• TASK BRIEF: Word for word, repeat the data; no picture should appear in the result.

___ INFORMATION PROVIDED

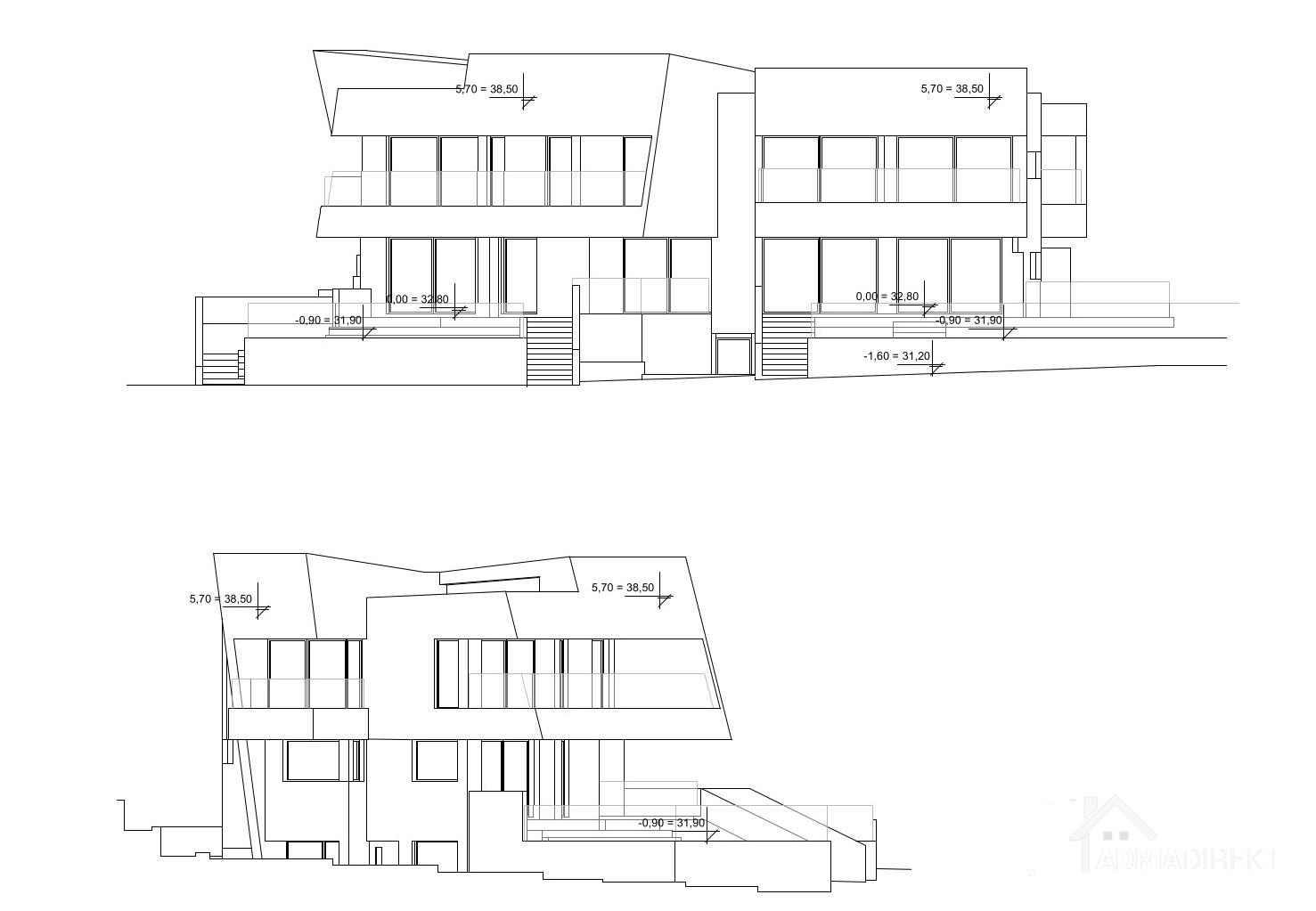 First floor: three bedrooms, three bathrooms, hallway, and three terraces.
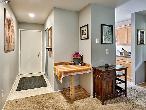 Adorable 2 bedroom, 1 bath condo in a fantastic area! Located in a quiet condo community near Capitol Hwy & Barbur Blvd, with easy access to I-5 and public transportation making for a dream commute! Live comfortably in this 921 sqft home with custom woodworking and upgrades, backing to beautiful greenspace. Take in the view outdoors from the built-in eating area overlooking the sunken living room. Sliding door leads to a covered, gated patio and plenty of open space! Enjoy the community pool in the summertime. A perfect starter home!
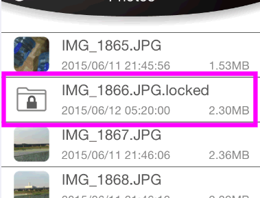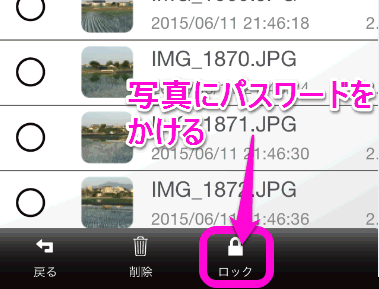 パスワードを設定した写真は、このようにカギのマークのアイコンになります。

______

• RESPONSE BELOW:
 First floor: three bedrooms, three bathrooms, hallway, and three terraces.
 Adorable 2 bedroom, 1 bath condo in a fantastic area! Located in a quiet condo community near Capitol Hwy & Barbur Blvd, with easy access to I-5 and public transportation making for a dream commute! Live comfortably in this 921 sqft home with custom woodworking and upgrades, backing to beautiful greenspace. Take in the view outdoors from the built-in eating area overlooking the sunken living room. Sliding door leads to a covered, gated patio and plenty of open space! Enjoy the community pool in the summertime. A perfect starter home!
 パスワードを設定した写真は、このようにカギのマークのアイコンになります。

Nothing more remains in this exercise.